After drawing this distinction between the old and the new anti-manipulation rule, however, the CFTC immediately blurs whatever line separates Rule 180.1 and Rule 180.2. In construing Rule 180.1, the CFTC focuses on the language of the underlying statute, which prohibits the use of any “manipulative or deceptive” device. By elevating the importance of the Rule’s use of the disjunctive “or,” the CFTC argues that Rule 180.1 prohibits two distinct classes of conduct: manipulation or fraud. And the CFTC argues, therefore, that not all violations of Rule 180.1 sound in fraud; a violation can arise from non-fraudulent, manipulative conduct. This means, according to the CFTC, that the CFTC does not have to allege any inherently or outwardly fraudulent or deceptive conduct to plead a violation of Rule 180.1, and it does not have to meet the heightened pleading standards of Rule 9(b) of the Federal Rules of Civil Procedure, which require that fraud be plead with particularity. Using this logic, the CFTC notably looks to case law interpreting its traditional manipulation regime (as embodied in Rule 180.2) to set forth the contours and substance of the anti-manipulation authority purportedly embodied by Rule 180.1.
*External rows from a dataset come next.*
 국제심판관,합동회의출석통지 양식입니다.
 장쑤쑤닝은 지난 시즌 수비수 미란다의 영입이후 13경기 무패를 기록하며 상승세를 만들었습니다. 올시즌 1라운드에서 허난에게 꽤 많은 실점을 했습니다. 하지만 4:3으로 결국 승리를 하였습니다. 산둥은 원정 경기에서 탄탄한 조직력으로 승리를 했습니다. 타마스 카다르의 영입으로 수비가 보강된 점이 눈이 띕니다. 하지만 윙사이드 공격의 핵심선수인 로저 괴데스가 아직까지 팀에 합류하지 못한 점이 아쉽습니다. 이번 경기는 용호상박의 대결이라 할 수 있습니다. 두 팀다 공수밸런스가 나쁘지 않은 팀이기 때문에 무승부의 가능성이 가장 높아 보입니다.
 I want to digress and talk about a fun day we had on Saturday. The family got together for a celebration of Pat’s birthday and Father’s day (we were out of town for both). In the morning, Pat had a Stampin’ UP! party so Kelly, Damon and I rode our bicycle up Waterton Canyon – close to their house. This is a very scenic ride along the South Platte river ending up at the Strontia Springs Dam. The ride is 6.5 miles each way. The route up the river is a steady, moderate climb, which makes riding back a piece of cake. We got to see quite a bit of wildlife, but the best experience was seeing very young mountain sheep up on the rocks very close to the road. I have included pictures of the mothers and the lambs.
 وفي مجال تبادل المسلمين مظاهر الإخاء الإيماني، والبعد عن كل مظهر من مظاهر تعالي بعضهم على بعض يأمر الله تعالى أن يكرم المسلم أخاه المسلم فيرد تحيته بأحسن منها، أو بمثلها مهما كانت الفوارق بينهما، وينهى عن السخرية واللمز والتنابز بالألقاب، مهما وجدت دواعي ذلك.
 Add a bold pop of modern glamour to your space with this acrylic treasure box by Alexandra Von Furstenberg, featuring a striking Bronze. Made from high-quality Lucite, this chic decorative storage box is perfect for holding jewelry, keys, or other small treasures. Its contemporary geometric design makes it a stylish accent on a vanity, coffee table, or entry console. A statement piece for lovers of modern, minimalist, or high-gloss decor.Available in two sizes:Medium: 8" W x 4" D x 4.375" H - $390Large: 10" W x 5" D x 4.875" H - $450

The CFTC’s argument is noteworthy for a number of reasons. First, the CFTC’s focus on the disjunctive—“manipulative or deceptive device”—ignores the plain language of the Rule, which the CFTC itself promulgated in order to effect the prohibition set forth in the underlying statute. Rule 180.1 prohibits the use of “any manipulative device, scheme, or artifice to defraud.” The phrase “to defraud” describes the type of device, scheme, or artifice the Rule prohibits. Read in context, the terms “manipulative” and “to defraud” complement each other and describe the fraudulent conduct the Rule was intended to combat. The CFTC’s litigation position thus conflicts with the language of the Rule that the CFTC drafted.
Second, as Kraft points out, under the CFTC’s interpretation, Rule 180.1 swallows Rule 180.2, rendering it a nullity. Although the CFTC still brings a claim under Rule 180.2, it is not clear why or when it would need Rule 180.2. Under the CFTC’s interpretation, Rule 180.1 and Rule 180.2 both reach pure, non-fraudulent “manipulation,” and, while Rule 180.2 requires a showing of specific intent and artificial price, the CFTC argues that Rule 180.1 does not. Therefore, the CFTC contends that there is nothing that Rule 180.2 captures that Rule 180.1 would not also prohibit, which cannot be what Congress intended.
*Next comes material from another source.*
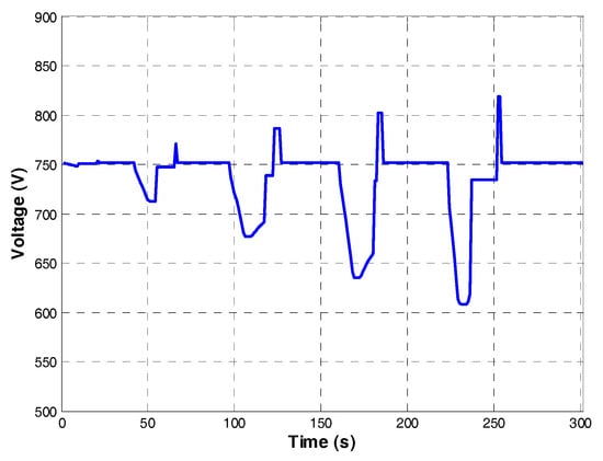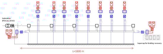 The electric scheme of the railway power system with the PV modules and SCs is shown in Figure 3. The railway power system is fed by a transformer with a primary voltage of 20 kV. The secondary side includes a bridge rectifier that outputs a voltage of 750 V. During its performance, the voltage in the different nodes of the net can vary in the range of 600–900 V. The output of the bridge rectifier is linked to the catenary of the power system. Table 2 reports some data of the railway power system [].
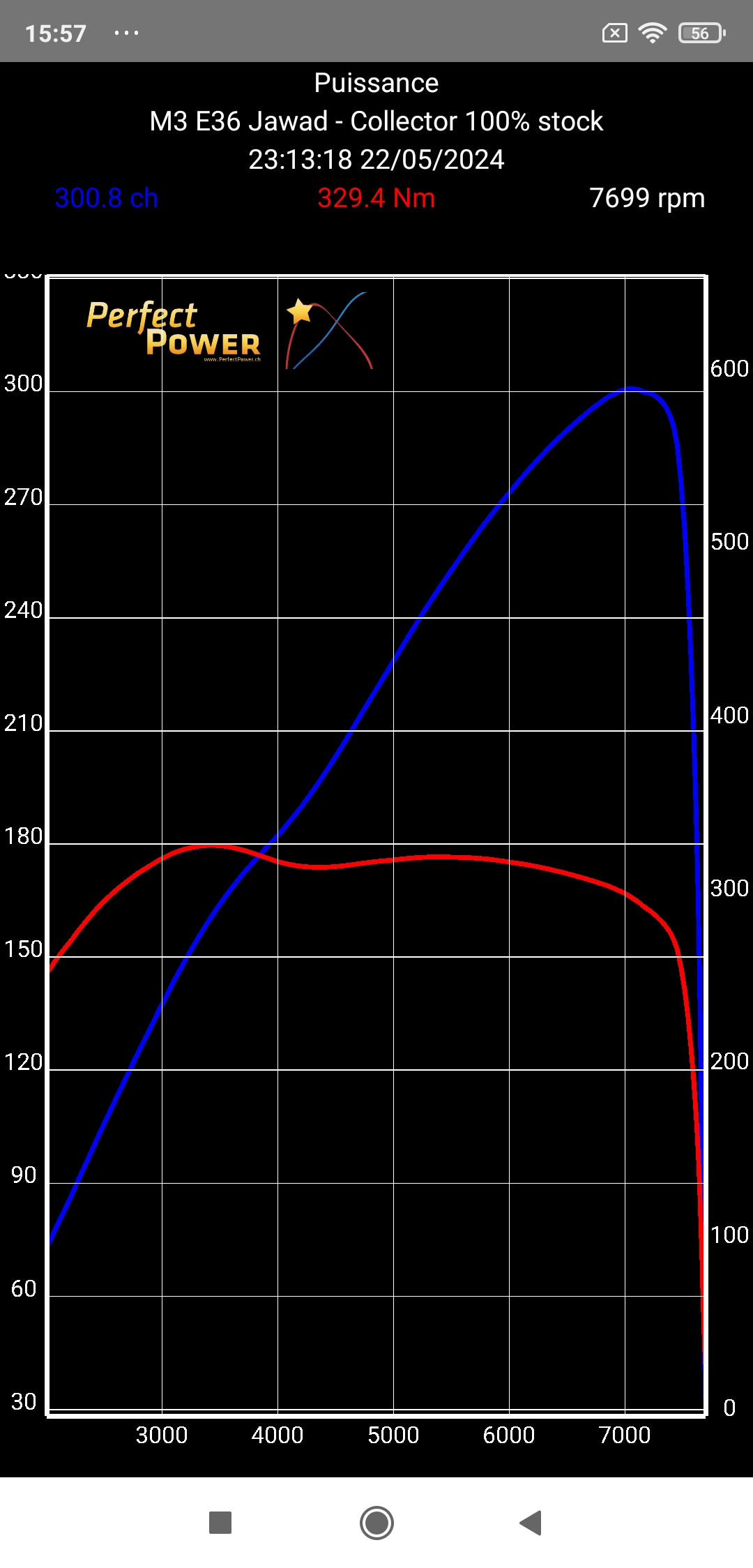 Typiquement, un S50B32 standard délivre autour de 305 ch (soit 5% pile de "perte" par rapport au S50B32 de référence BMW...), et sur cette base, nous observons des résultats certes un tout petit peu en dessous avec 301 ch soit 4 ch & 1,3% de moins, mais d'une part convenez que c'est fort peu, et d'autre part n'oublions pas qu'un doute subsiste sur la qualité de l'essence présente dans le réservoir de cette M3 au moment des mesures, et ça se trouve nous aurons une belle surprise lors des réglages finaux!

Third, the CFTC’s logic seems to do a 180-degree turn mid-argument. Initially, the CFTC says that Rule 180.1 and Rule 180.2 are different. Then, it argues that Rule 180.1, just like Rule 180.2, prohibits non-fraudulent market manipulation, and it looks to precedent interpreting what is now Rule 180.2 to define “manipulation” under Rule 180.1. On one hand, the rules are different. On the other, they are the same. It is not clear where one ends and the other begins in the CFTC’s argument.
Fourth, the CFTC’s mental gymnastics seem motivated, at least in part, by a desire to avoid the heightened pleading standards of Rule 9(b) of the Federal Rules of Civil Procedure, which apply to allegations of fraud. Even to a casual observer, however, a CFTC pleading easily should be able to meet Rule 9(b)’s requirement that allegations of fraud be plead with “particularity.” This should not be a concern for the CFTC – ever. The CFTC is not a typical plaintiff. The CFTC is a government agency equipped with full-time investigative staff and the power to subpoena documents and testimony before ever filing suit. By the time the CFTC decides to bring an action in federal court, after an investigation of the alleged violation, its pleadings can and should be replete with Rule 9(b)’s required “particularity.” If the CFTC cannot plead fraud with particularity, after years of investigations, it should not bring the case. Therefore, other than simply giving itself as much enforcement authority and leeway as possible, it is not clear why the CFTC propounds such an odd interpretation of Rule 180.1.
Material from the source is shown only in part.